# Biscuit Joiner Spacing



## Garbanzolasvegas (Jan 15, 2015)

When making solid wood panels using biscuits how far apart should one space the biscuits?


----------



## wapakfred (Jul 29, 2011)

I use them for alignment, and really don't have a set spacing. I guess at how many biscuits I want (maybe 5 across 60") and then space them more or less evenly. If you have an edge that will be cut, you'll want to not put any on the cut line (Doh!). The other thing you want to do is put them in the lower 2/3s of the board edge to help with the football shape that may telegraph through the surface if you're not careful. If both sides of the board panels will be seen, then perfectly centered on the edge might be a better option.


----------



## Ghidrah (Jan 20, 2015)

For me it also depends on the thickness of the board. The greater the crown the closer I put them, I never went closer than 6" spacing.
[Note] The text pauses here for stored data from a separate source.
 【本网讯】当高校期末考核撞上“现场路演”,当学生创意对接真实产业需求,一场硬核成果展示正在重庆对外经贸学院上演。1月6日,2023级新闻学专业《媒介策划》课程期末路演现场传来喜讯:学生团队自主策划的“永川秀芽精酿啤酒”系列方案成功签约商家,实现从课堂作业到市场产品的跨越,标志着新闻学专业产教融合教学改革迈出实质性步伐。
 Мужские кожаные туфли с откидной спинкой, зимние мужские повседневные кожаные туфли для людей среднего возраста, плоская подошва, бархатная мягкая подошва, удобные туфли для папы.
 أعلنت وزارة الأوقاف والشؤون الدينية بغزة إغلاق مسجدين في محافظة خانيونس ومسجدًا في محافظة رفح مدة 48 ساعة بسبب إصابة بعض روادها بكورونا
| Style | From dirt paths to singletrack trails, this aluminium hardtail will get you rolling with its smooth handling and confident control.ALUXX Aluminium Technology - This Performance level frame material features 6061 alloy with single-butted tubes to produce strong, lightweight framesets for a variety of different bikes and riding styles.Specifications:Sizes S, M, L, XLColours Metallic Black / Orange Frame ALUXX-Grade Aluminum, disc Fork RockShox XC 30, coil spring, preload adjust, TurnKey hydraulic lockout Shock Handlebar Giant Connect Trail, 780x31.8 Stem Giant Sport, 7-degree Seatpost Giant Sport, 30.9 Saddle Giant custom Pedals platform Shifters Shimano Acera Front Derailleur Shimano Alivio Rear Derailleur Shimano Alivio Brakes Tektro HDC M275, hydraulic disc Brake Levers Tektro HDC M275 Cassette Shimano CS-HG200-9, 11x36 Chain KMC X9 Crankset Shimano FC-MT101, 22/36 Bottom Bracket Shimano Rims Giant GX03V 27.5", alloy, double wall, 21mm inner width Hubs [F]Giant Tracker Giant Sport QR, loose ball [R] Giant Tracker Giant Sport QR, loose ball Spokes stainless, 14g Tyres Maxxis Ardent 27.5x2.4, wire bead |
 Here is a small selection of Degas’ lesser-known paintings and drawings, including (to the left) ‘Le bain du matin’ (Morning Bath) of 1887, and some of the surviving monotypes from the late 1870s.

I also glue them into their slots, all possible effort to keep junk together.


----------



## TheFridge (May 1, 2014)

What he said


----------



## MT_Stringer (Jul 21, 2009)

I don't use anything but glue and clamps.


----------



## firefighterontheside (Apr 26, 2013)

I do about 12". I don't measure.


----------



## pjones46 (Mar 1, 2011)

Just be careful to plan the spacing so you do not cut into them on the finshed panel and expose them.


----------



## Picklehead (Feb 12, 2013)

So far the average space between my biscuits is about two years.


----------



## Ghidrah (Jan 20, 2015)

I did a similar screw up about 15yrs ago on a set of doors for a vanity. I ran a mahogany spline too long along the length of re-sawn panel boards then when I ran them through the router table for the panel cuts I exposed the mahogany splines. These re-sawed panels had beautiful medullary figuring and they were wrecked. Until the owner saw the mistake and liked the contrasting color, go figure. By the time I was done I ended up applying swirly oak string inlay to the doors.


----------